Ostrom shook his head. “What a strange case. I still feel we’ve hardly scratched the surface.”

Felder did not respond to that.

Ostrom stopped before a pair of double doors that—like most at Mount Mercy—were unlabeled. A single guard stood outside.

“This is it?” Felder asked.

“Yes. If you need anything, call for the guards.”

Felder extended his hand. “Thank you, Doctor.”

“My pleasure.” Ostrom turned and made his way back down the corridor.

Felder nodded to the guard, took a breath. Then he pushed open the doors and stepped inside.

Beyond lay the Mount Mercy chapel.
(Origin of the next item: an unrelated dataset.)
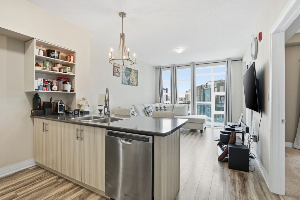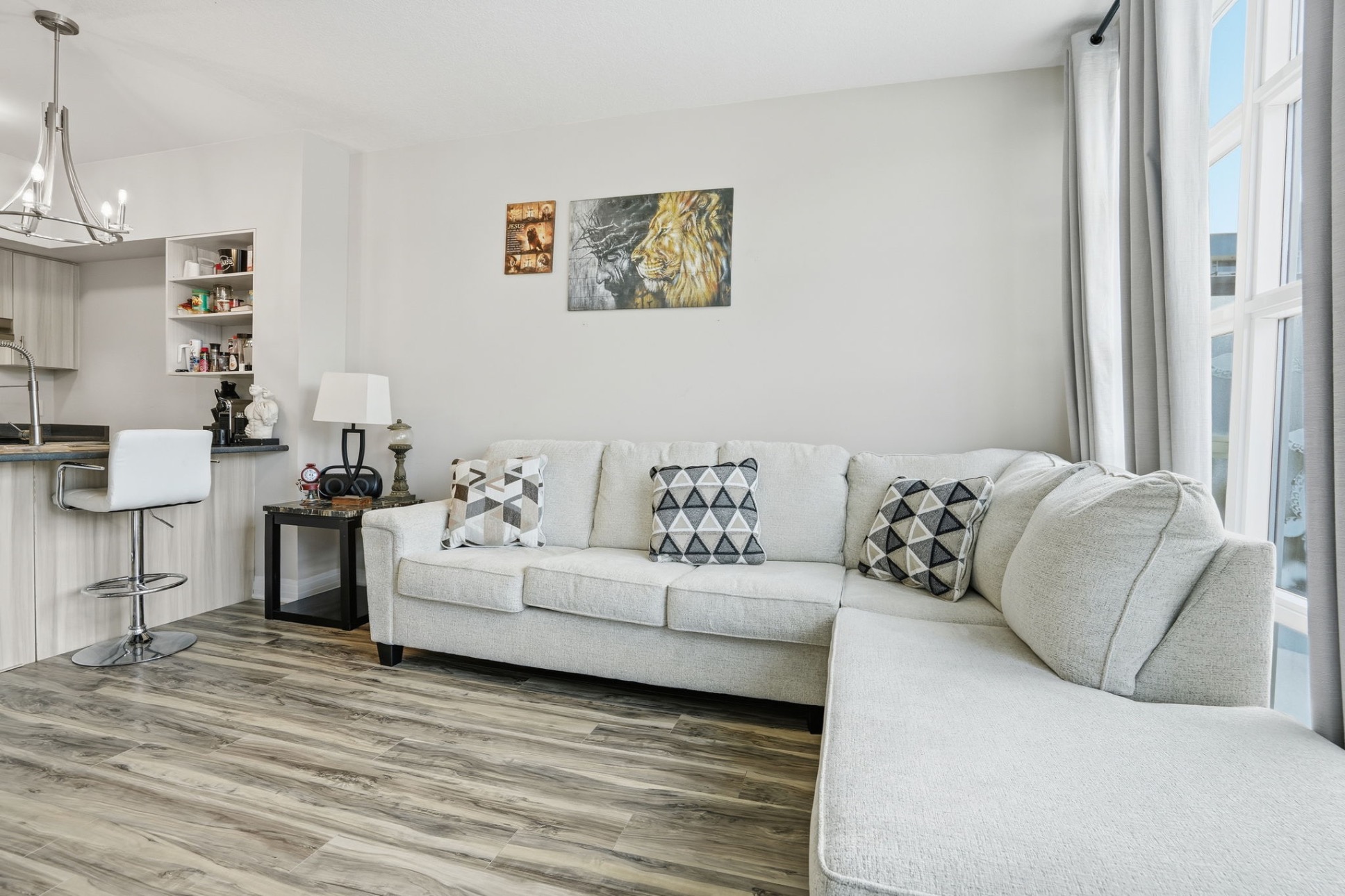 Welcome to AquaBlu, Grimsby’s sought-after waterfront condominium, offering modern living just steps from the shores of Lake Ontario. This beautifully designed 1 bedroom + den, 1 bathroom suite combines style, functionality, and an unbeatable location with over 700 sq ft of living space – ideal for first-time buyers and downsizers a-like. The open-concept layout is thoughtfully designed with contemporary finishes and plenty of natural light. Enjoy the added bonus of a private balcony, perfect for morning coffee or unwinding at the end of the day. The spacious bedroom provides a peaceful retreat, while the versatile den works beautifully as a home office, guest area, or flex space. A stylish 4-piece bathroom and convenient ensuite laundry complete the suite. Located near highway access for commuters with 1 parking spot and 1 locker space.

It was an artifact from the days when the hospital had been a sanatorium for the very rich, and Felder, who had never seen it before, was amazed. It remained unchanged from its late-nineteenth-century zenith, when the numerous bequests of fearful, ailing patients had given the chapel’s designers working capital a Medici would envy. It was a masterpiece in miniature, jewel-like and utterly perfect, the nave only six rows deep, with a single central aisle; and yet the builders had cleverly re-created the ribbed vaults of a gothic cathedral, and in so doing filled both the side walls and the curved ambulatory with delicate, vividly colored stained glass. In the late-afternoon light, the chapel’s interior seemed almost drowned in color; the pews, the slender pillars, the other architectural features, were so dappled and painted with light as to be almost indistinguishable from each other. Felder took a hesitant step forward, and then another. It was like being inside an ecclesiastical kaleidoscope.